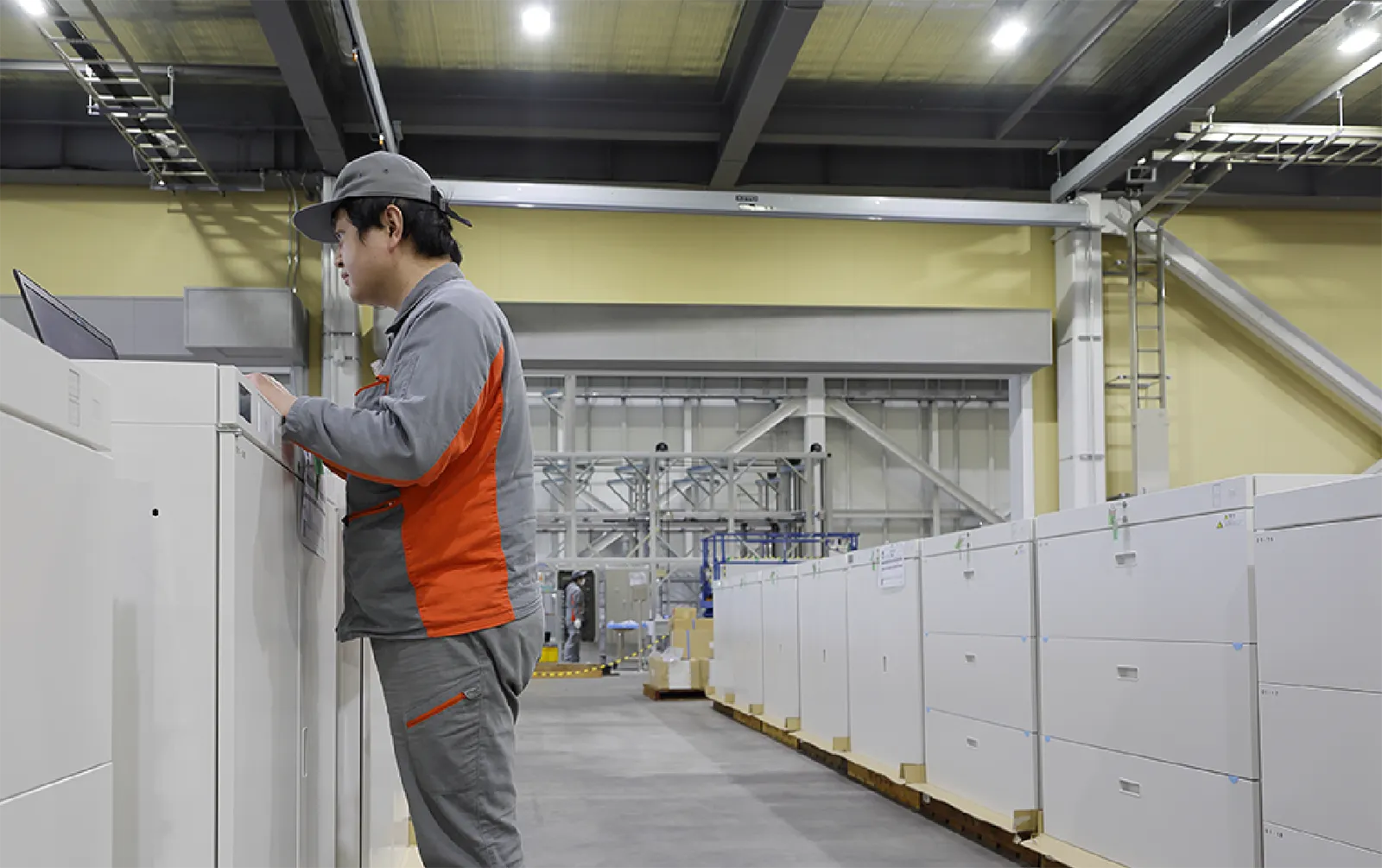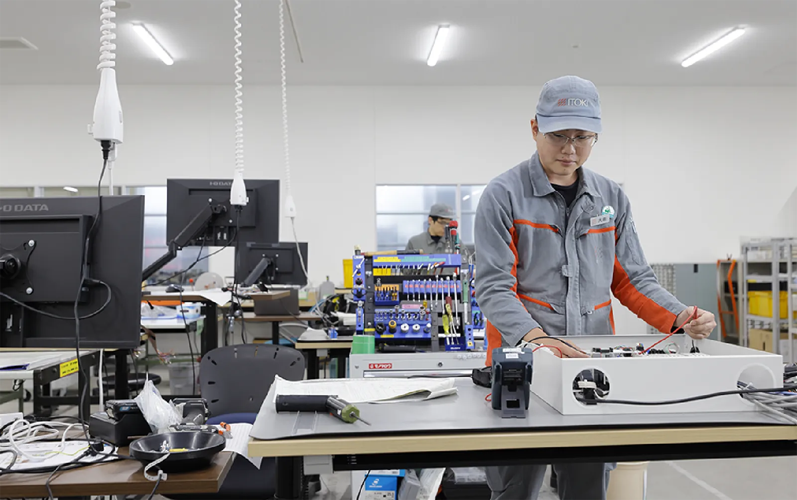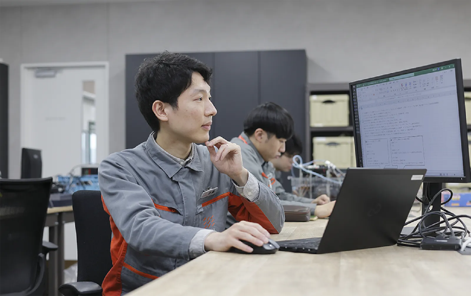 作業手順書などをモニターで閲覧するなど、効率よく働けるよう様々なシステムを導入しています。
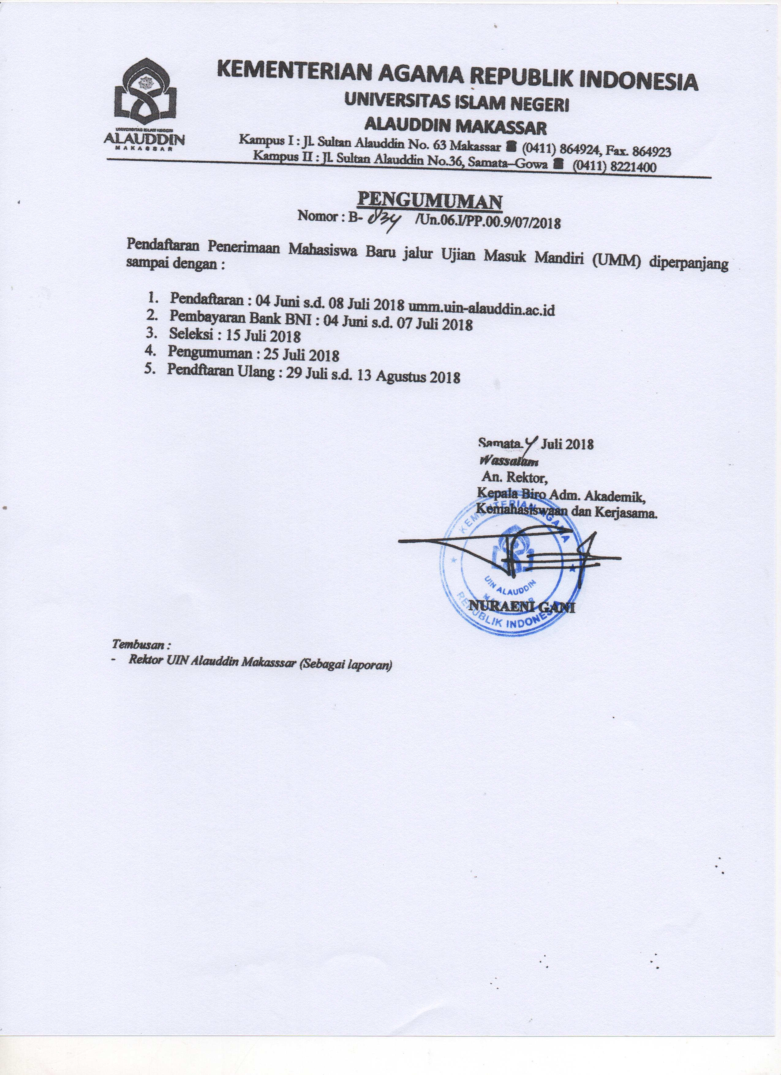 Pendaftaran Penerimaan Mahasiswa Baru Jalur Ujian Masuk Mandiri (UMM) diperpanjang sampai dengan (lihat di lampiran).
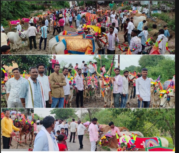 संध्याकाळी गावातून सर्व  बैल जोड्या गावाबाहेरील हनुमान मंदिराच्या प्रांगणात एकत्रित आल्या व नंतर मिरवणूक काढण्यात आली. या वेळी गावकरी  “हर बोला हर हर हर हर महादेव” अशा जयघोषांनी परिसर दुमदुमून टाकत होते. पदावली भजनाचा देखील सुंदर कार्यक्रम झाला. महिलांनी पारंपरिक पद्धतीने बैलांची ओवाळणी केली.
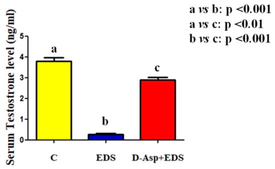In this paper, we evaluated whether the use of D-Asp may have a protective role in preventing the testicular injury produced by the exposure to EDS, a toxicant that selectively destroys LC. Indeed, it must be considered that recently, some pollutants, such as cadmium [41,42,43] and BPA [44,45,46] may act as endocrine disrupters and/or toxicants that specifically affect gametogenesis leading to the production of low-quality gametes and, consequently, giving rise to a low rate of reproduction [47,48]. Firstly, to evaluate the effectiveness of the treatments, we measured the serum T levels. As shown in Figure 1, EDS injection caused a drastic drop in T concentration as compared to the control (p < 0.001), while a less pronounced decrease was evident in the serum of rats pre-treated with D-Asp (p < 0.01).
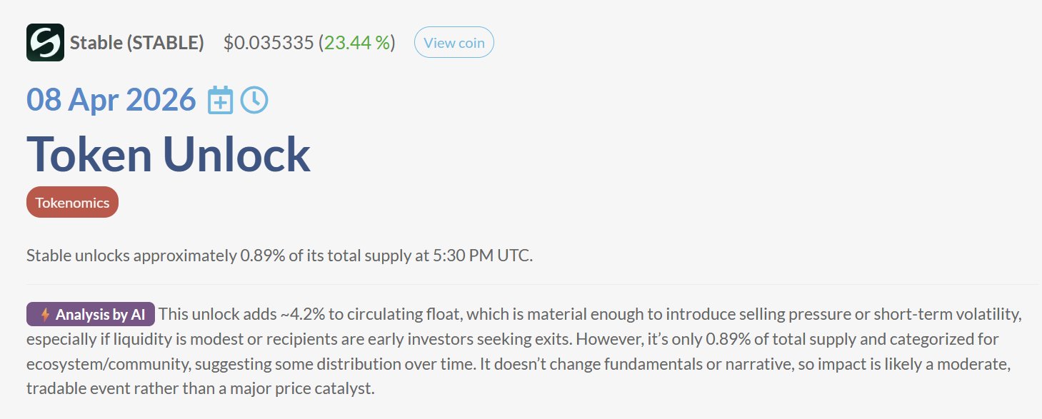 STABLE token unlock may bring short-term selling pressure, but has little impact on fundamentals.
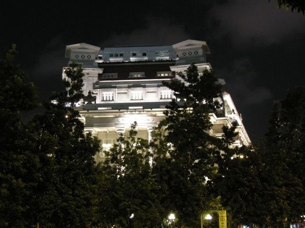 吃飽之後,告別Wendy姐,剩下一群人散步去克拉馬頭。路上遇見上次來有吃到的Fullerton Hotel,晚上照別有一番風味
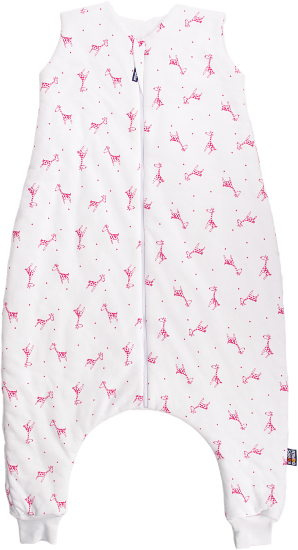 Dětský letní spací pytel s otvory pro nohy v bílé barvě s motivem červených žirafek. Délka spacího pytle je cca 110 cm, lze jej prát v pračce při 30 °C. Spací pytel má uprostřed zip a lze jej zcela otevřít, navíc má zip látkovou krytku, která zabraňuje přiskřípnutí krku do zipu. Spací pytel je ušitý ze dvou vrstev: vrchní materiál 100% biobavlna, podšívka 100% biobavlna. Česká výroba.
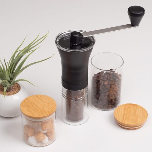 手動コーヒーミルを選ぶ際は、一度に挽ける量をチェック。コーヒー1杯あたりに必要な豆の量は10〜15gが目安です。多くの製品は1〜2杯分にあたる20g程度の容量なので、1人で飲むのにちょうどよいサイズ感です。
------------------------------
* Directions for this task *
Please retype the lines from the one that contains "In this paper, we" through the final line of the data, both included, without any pictures.

* Solution to this exercise *
In this paper, we evaluated whether the use of D-Asp may have a protective role in preventing the testicular injury produced by the exposure to EDS, a toxicant that selectively destroys LC. Indeed, it must be considered that recently, some pollutants, such as cadmium [41,42,43] and BPA [44,45,46] may act as endocrine disrupters and/or toxicants that specifically affect gametogenesis leading to the production of low-quality gametes and, consequently, giving rise to a low rate of reproduction [47,48]. Firstly, to evaluate the effectiveness of the treatments, we measured the serum T levels. As shown in Figure 1, EDS injection caused a drastic drop in T concentration as compared to the control (p < 0.001), while a less pronounced decrease was evident in the serum of rats pre-treated with D-Asp (p < 0.01).
 STABLE token unlock may bring short-term selling pressure, but has little impact on fundamentals.
 吃飽之後,告別Wendy姐,剩下一群人散步去克拉馬頭。路上遇見上次來有吃到的Fullerton Hotel,晚上照別有一番風味
 Dětský letní spací pytel s otvory pro nohy v bílé barvě s motivem červených žirafek. Délka spacího pytle je cca 110 cm, lze jej prát v pračce při 30 °C. Spací pytel má uprostřed zip a lze jej zcela otevřít, navíc má zip látkovou krytku, která zabraňuje přiskřípnutí krku do zipu. Spací pytel je ušitý ze dvou vrstev: vrchní materiál 100% biobavlna, podšívka 100% biobavlna. Česká výroba.
 手動コーヒーミルを選ぶ際は、一度に挽ける量をチェック。コーヒー1杯あたりに必要な豆の量は10〜15gが目安です。多くの製品は1〜2杯分にあたる20g程度の容量なので、1人で飲むのにちょうどよいサイズ感です。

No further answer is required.